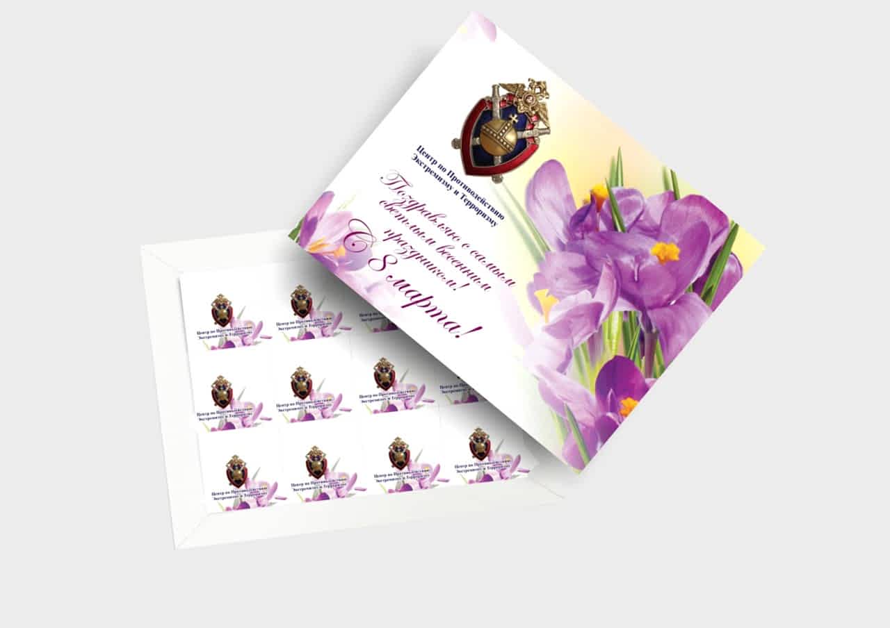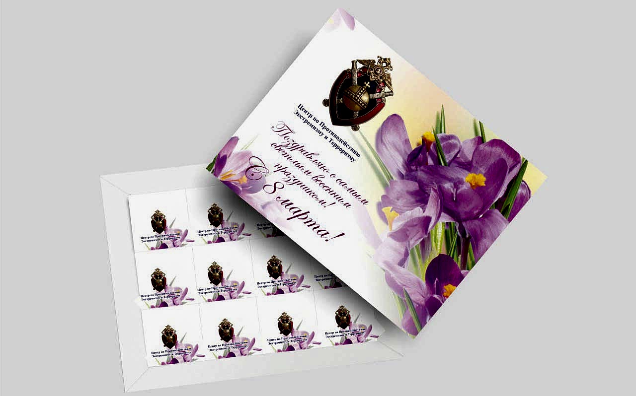 - Логотип печатается на обложке набораи на этикетке каждой шоколадки.
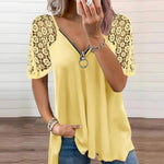Effen kleur kanten los T-shirt met korte mouwen en rits
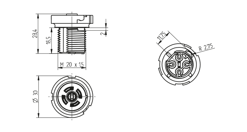 | Other: | Receptacle Zhaga Book 18 with attached flat seal for standardised metal sheet cut-out for communication and sensor units |
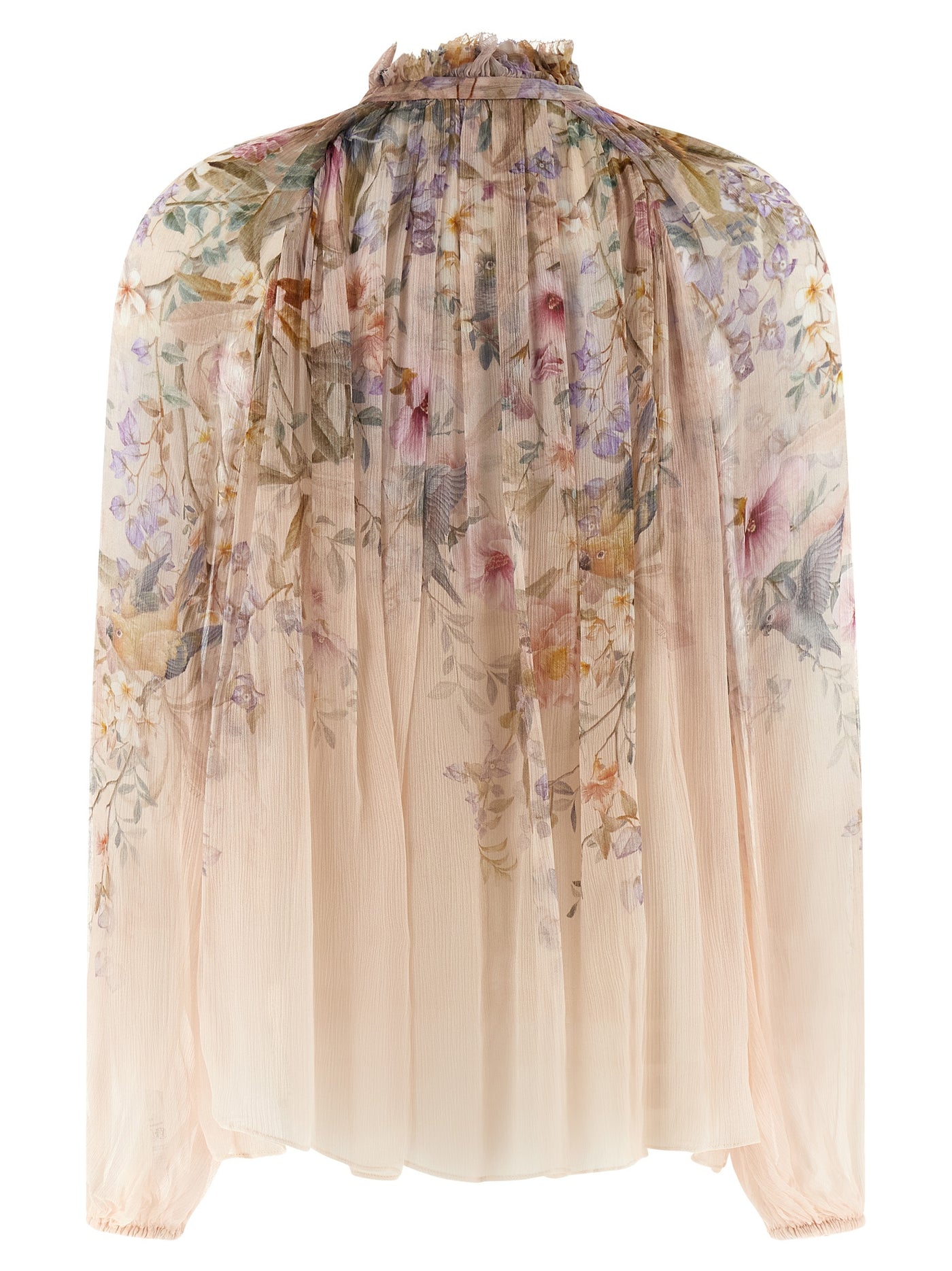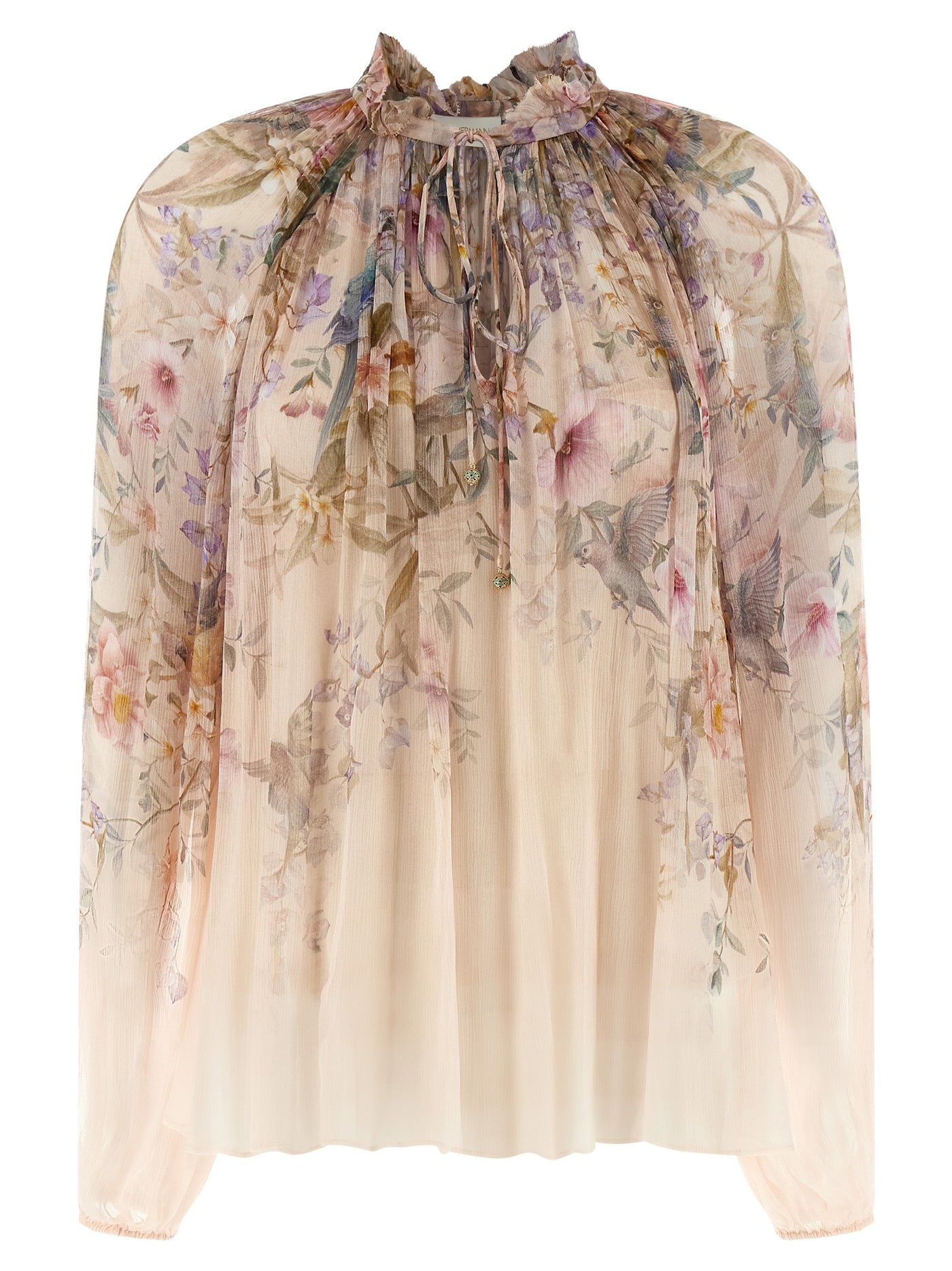 'billow rebellion' blouse in 'aviary' patterned curled viscose, Raised collar with ruffles, V-neck with tie cord, Long puff sleeves with elastic cuffs, Removable top._x000d_
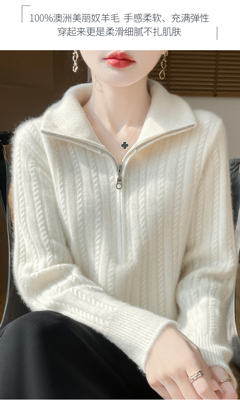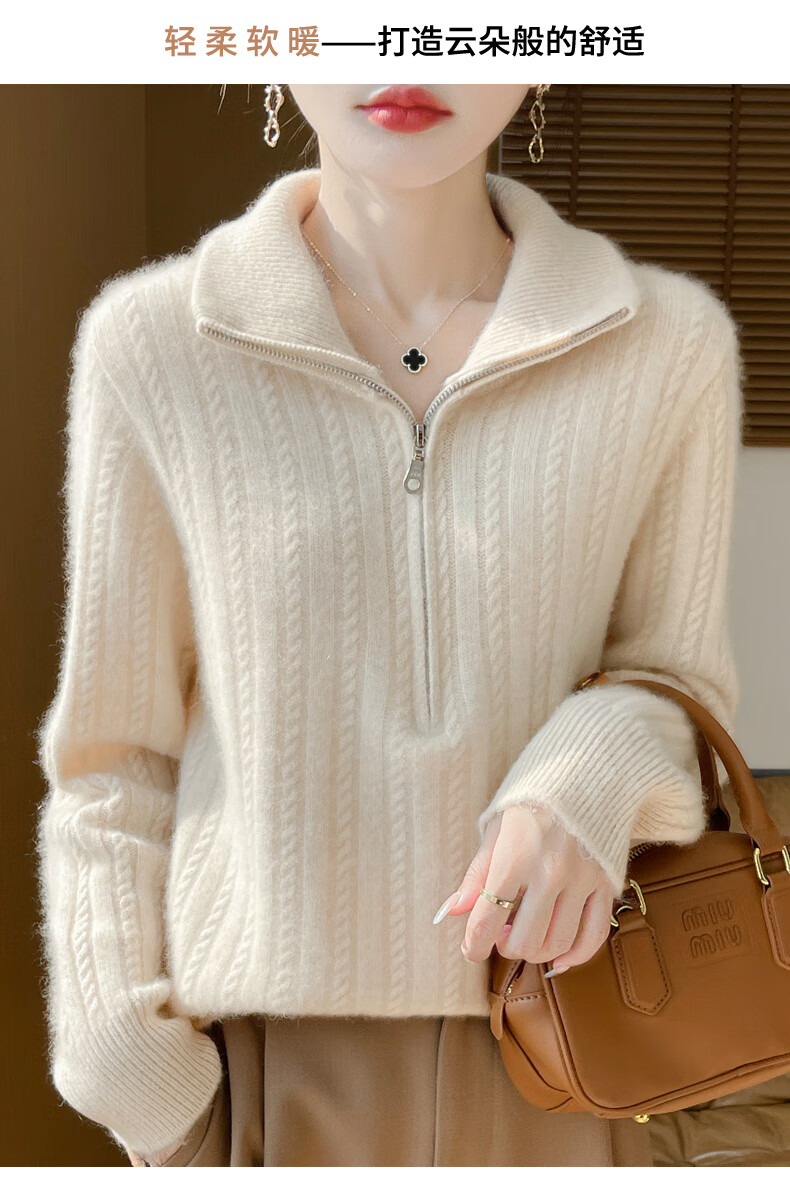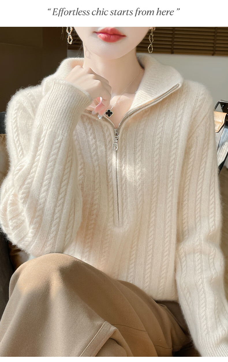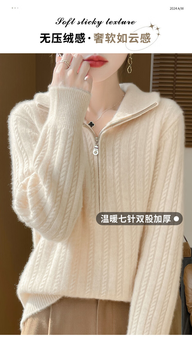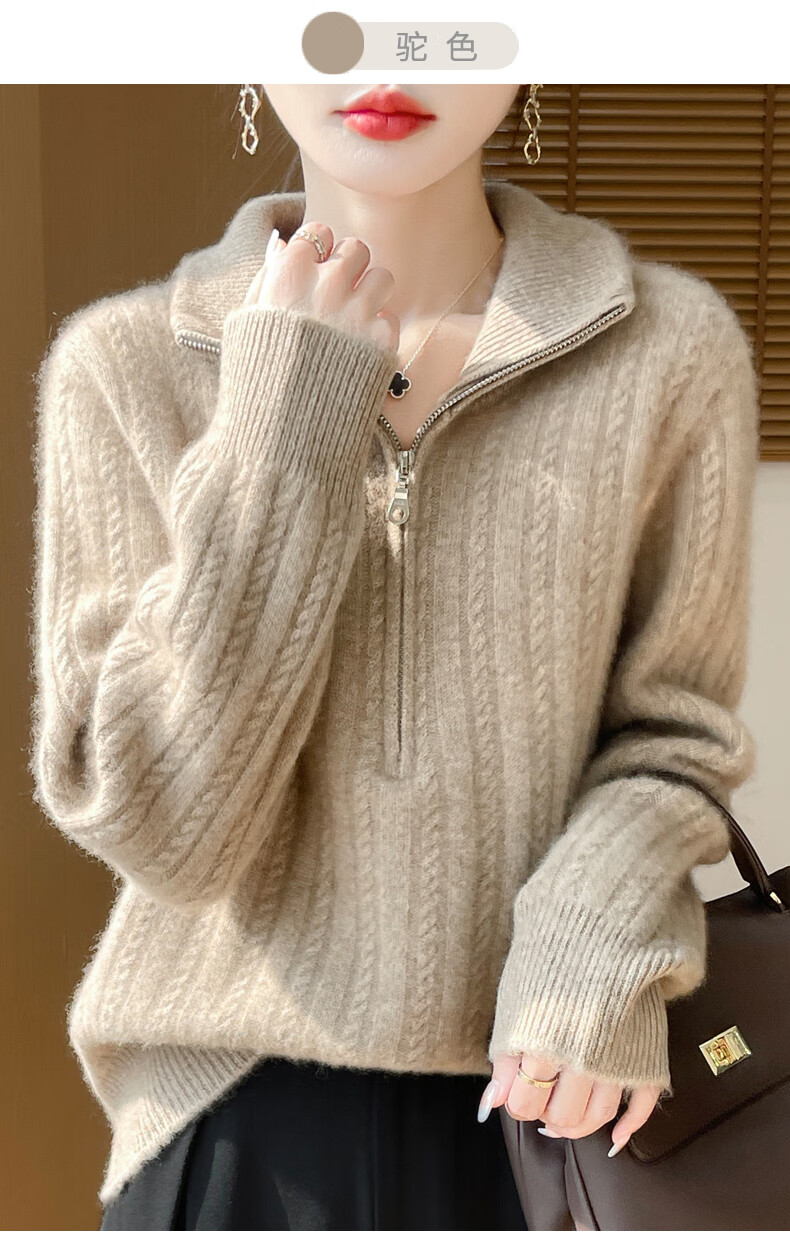 恒源祥立领加厚100%纯羊毛衫女高翻领半拉链麻花软糯毛衣宽松扭花针织衫 原绒米 L 【建议115-135斤】
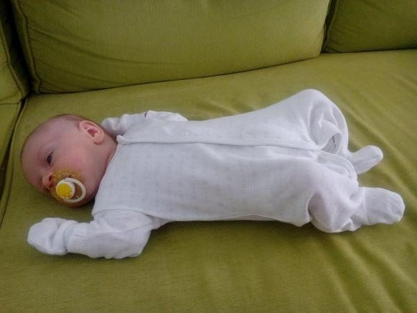 A máme za sebou prvú poradňu u lekarky, takže napriek problémom s kojenim, keď sa malý jeduje často jak čert a pije podľa mňa malo, lebo niekedy sa po troch minútach pitia naserie a len placemeeeee...tak pribral 1220g a narástol na 58cm, teda má plus 4cm

◆ **TASK OBJECTIVE**
Once you find the line that contains "恒源祥立领加厚100%纯羊毛衫女高翻领半拉链麻花软糯毛衣宽松扭花针织衫 原绒米 L", give it again along with every later line through the end of the data, word for word, minus the pictures.

◆ **SOLUTION FOR THIS TASK**
 恒源祥立领加厚100%纯羊毛衫女高翻领半拉链麻花软糯毛衣宽松扭花针织衫 原绒米 L 【建议115-135斤】
 A máme za sebou prvú poradňu u lekarky, takže napriek problémom s kojenim, keď sa malý jeduje často jak čert a pije podľa mňa malo, lebo niekedy sa po troch minútach pitia naserie a len placemeeeee...tak pribral 1220g a narástol na 58cm, teda má plus 4cm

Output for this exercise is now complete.